ONNX & TensorRT
ONNX (Open Neural Network Exchange) is the universal format for exporting models from any framework. TensorRT compiles ONNX models into GPU-optimised engines that can be 10× faster than the original PyTorch model.
The Deployment Stack
Training
Portable format
or TensorRT
Optimised inference
GPU / CPU / Edge
What is ONNX?
ONNX is an open standard for representing ML models as computation graphs. Once a model is exported to ONNX, it can run on any ONNX-compatible runtime — regardless of which framework trained it. It acts as a lingua franca between training frameworks and deployment targets.

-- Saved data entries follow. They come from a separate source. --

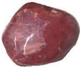
VIT115 FESA SENZA COPERTINA SV SCOTTONA
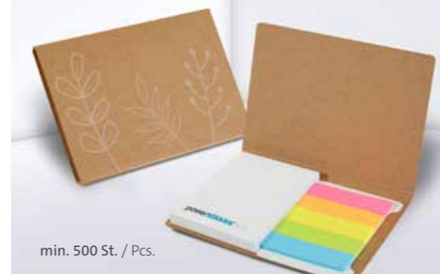
PURE notes Haftset 01 mit Papiermarker PURE notes adhesive set 01 with paper marker set

Unterstrichenes Maß = Haftseite Underlined dimension = Adhesive side
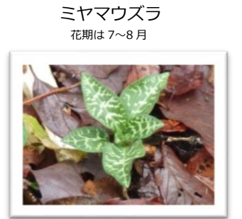
ミヤマウズラ 花期は7~8月
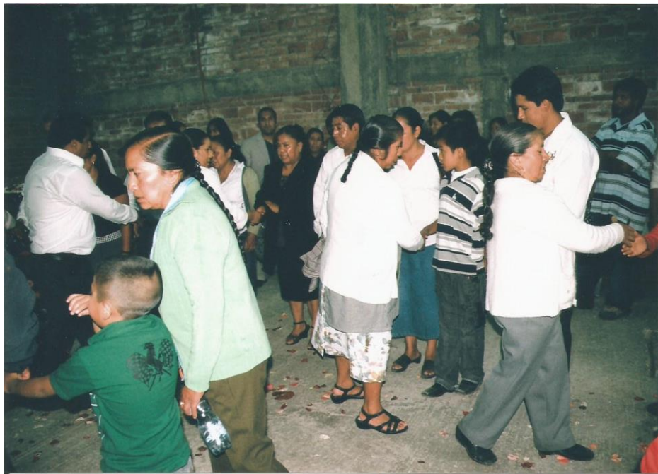
TÍTULO Los pequeño toman parte del ceremonial AUTOR María Luisa Susana Santamaría López FECHA 14 de julio de 2011
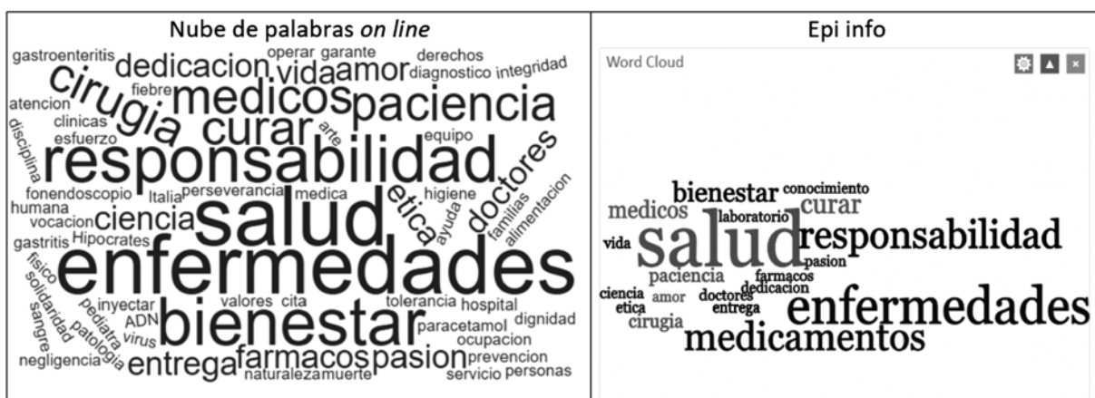
Figura 2. Nube de palabras relacionadas con Medicina.

La medicina se conecta con el sistema de salud y, por ende, con la atención de la salud de los enfermos: “En mi caso, la enfermedad es la palabra que más relaciono con el término medicina, debido a que el nivel de enfermos en la población es mayor en muchos casos, además de que el sistema de salud es el peor” (Contaduría, 27 años). Además, la medicina se considera un sinónimo de salud: “La medicina se desempeña en la salud de la persona, en los pacientes, la propia salud del doctor y todo eso. En lo que se ocupa ella es en encargarse de que todas las personas tengan buena salud, tengan buenas condiciones necesarias” (Derecho, 18 años); la salud es pilar del bienestar: “Bienestar porque el médico vela por el bienestar del paciente, la salud de la persona, trayendo consigo no solo bienestar a la persona que alivia, sino también a la sociedad a su alrededor” (Antropología, 16 años).
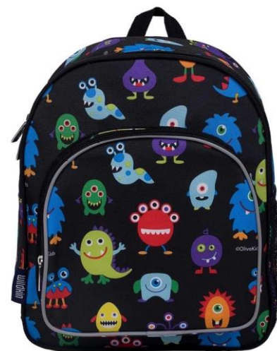
書包 (可放A4 大小)
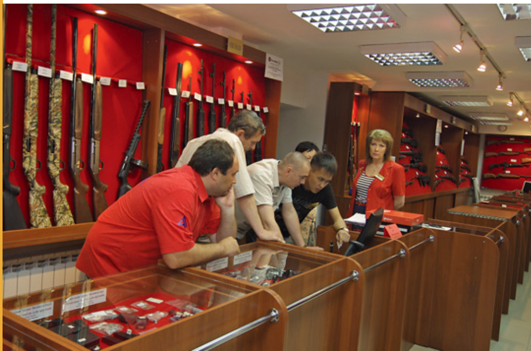
В головном магазине «Анны» во время моего визита был учебный день, собравший сотрудников всех магазинов сети, охватывающей Казахстан и Киргизию

Внушительный торговый комплекс и отдельный логистический центр «Коргана» произвёл на меня
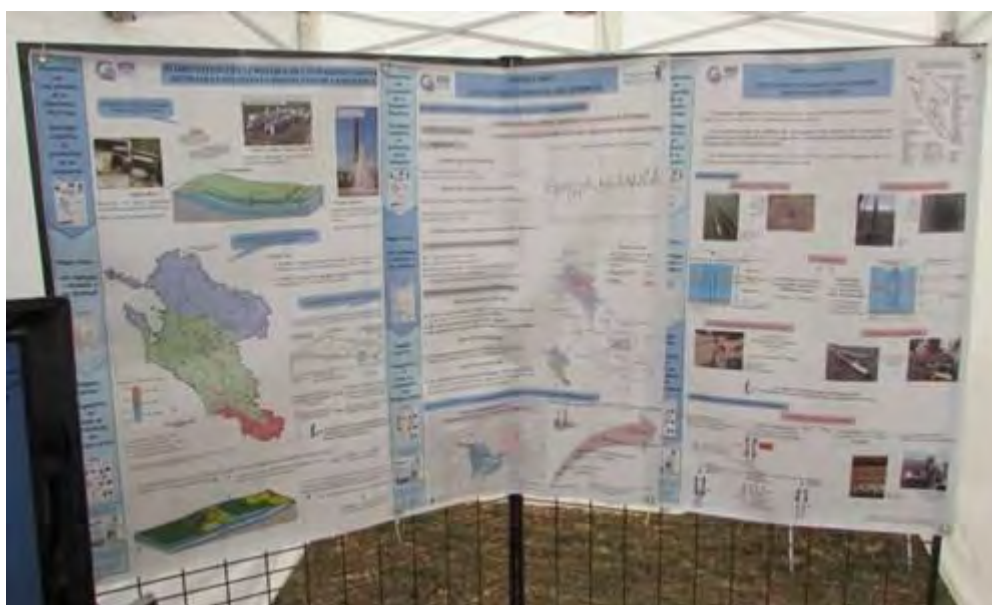
Panneau du stand sur la ressource en eau

Le Syndicat des Eaux a participé au 1 er Salon de l'Irrigation à St Pierre d'Amilly organisé par l'Association Aquanide, pour présenter les actions de protection de la ressource en eau au monde agricole.
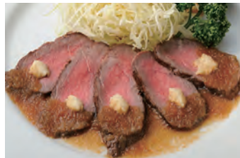
闷烤牛肉 ローストビーフ ¥1,150
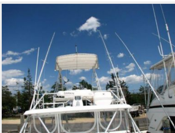
Deck 1 - Tower

PyTorch, TensorFlow, Keras, Scikit-Learn, XGBoost, MXNet
ONNX Runtime, TensorRT, OpenVINO, CoreML, TFLite (via conversion)
NVIDIA GPU, AMD GPU, Intel CPU, ARM (Raspberry Pi, Android), browser (WebAssembly)
Export PyTorch Model to ONNX
import torch
import torch.nn as nn
model = MyModel()
model.eval()
# Create dummy input (same shape as real input)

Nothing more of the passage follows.